## Recorded information:

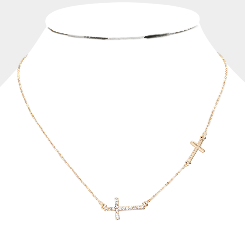 Stone Paved Cross Pendant Sideway Necklace
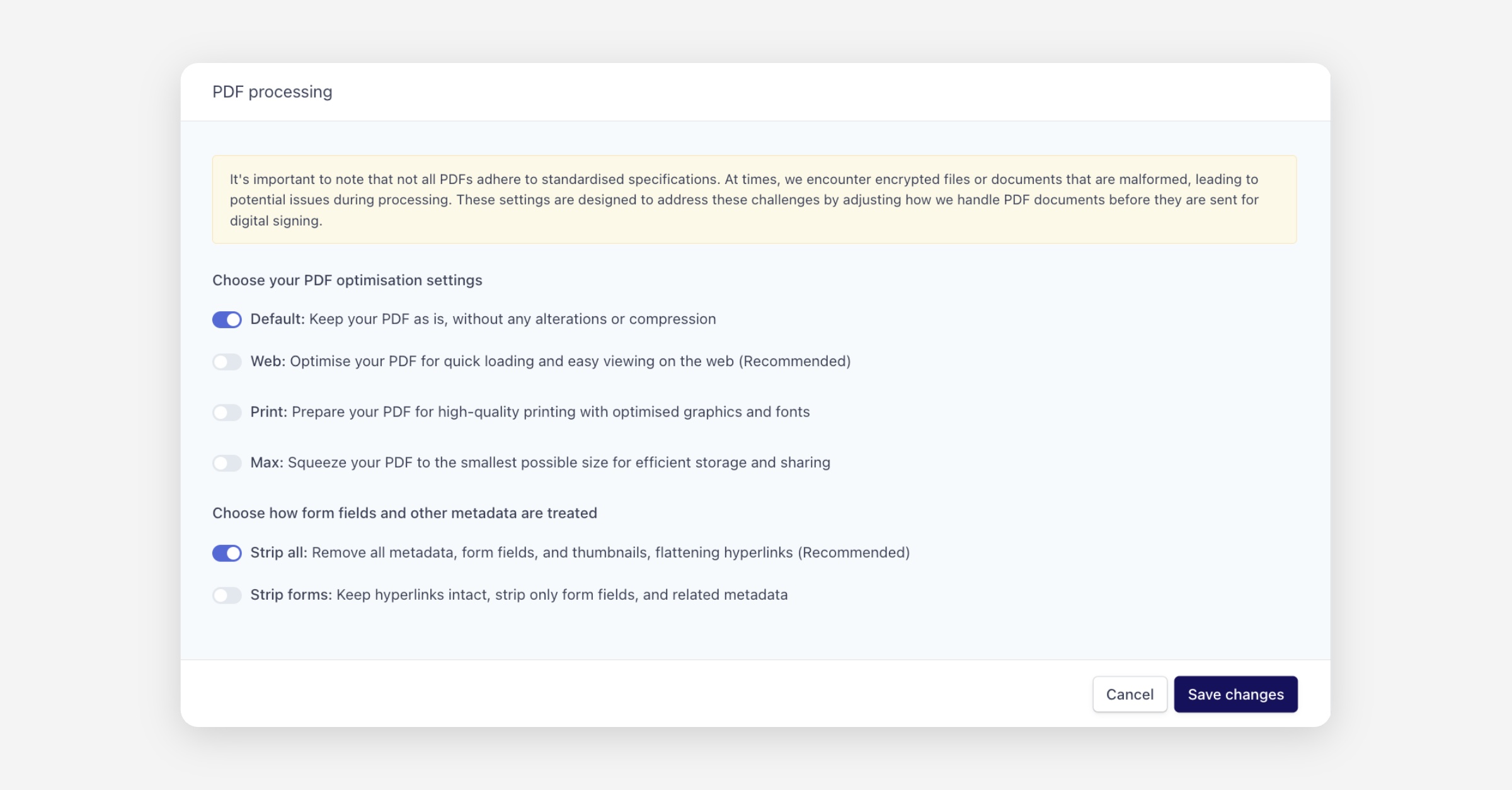 PDF Processing settings allow you to control how Annature handles PDF documents before they are sent for digital signing. Not all PDFs follow standard specifications. Some may be encrypted or malformed, which can cause issues during processing. These settings help address those challenges by adjusting how documents are optimised and prepared.
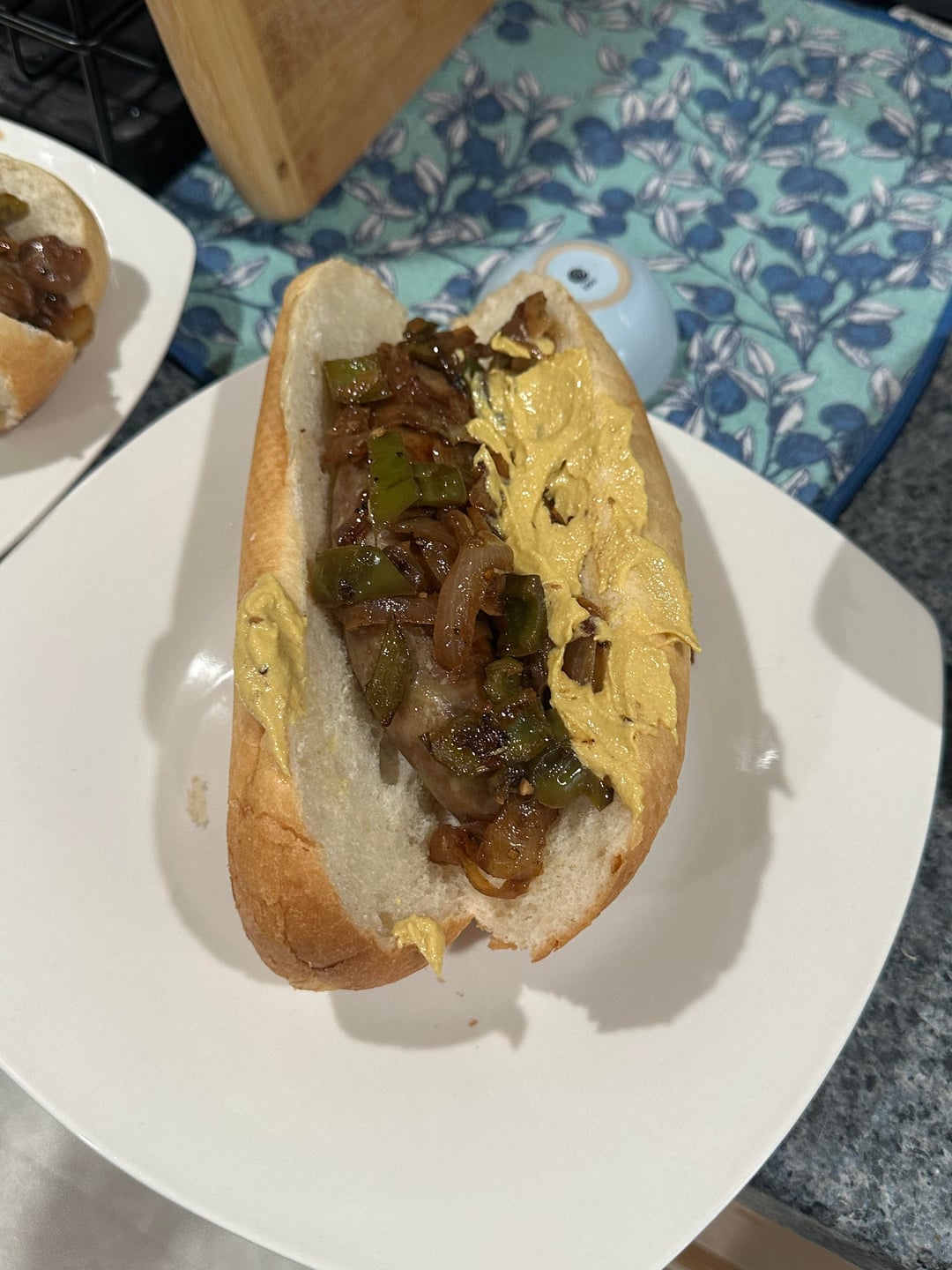 Cooked at 170 for an hour and then finished on the cast iron for 2 minutes on each side. We didn’t have brown mustard unfortunately but Dijon worked just fine.

## What you are asked to do:
Copy only the lines running from the one that holds "PDF Processing settings" through the last line of the data, and include both of those lines. Do not copy any pictures.

## Task result:
 PDF Processing settings allow you to control how Annature handles PDF documents before they are sent for digital signing. Not all PDFs follow standard specifications. Some may be encrypted or malformed, which can cause issues during processing. These settings help address those challenges by adjusting how documents are optimised and prepared.
 Cooked at 170 for an hour and then finished on the cast iron for 2 minutes on each side. We didn’t have brown mustard unfortunately but Dijon worked just fine.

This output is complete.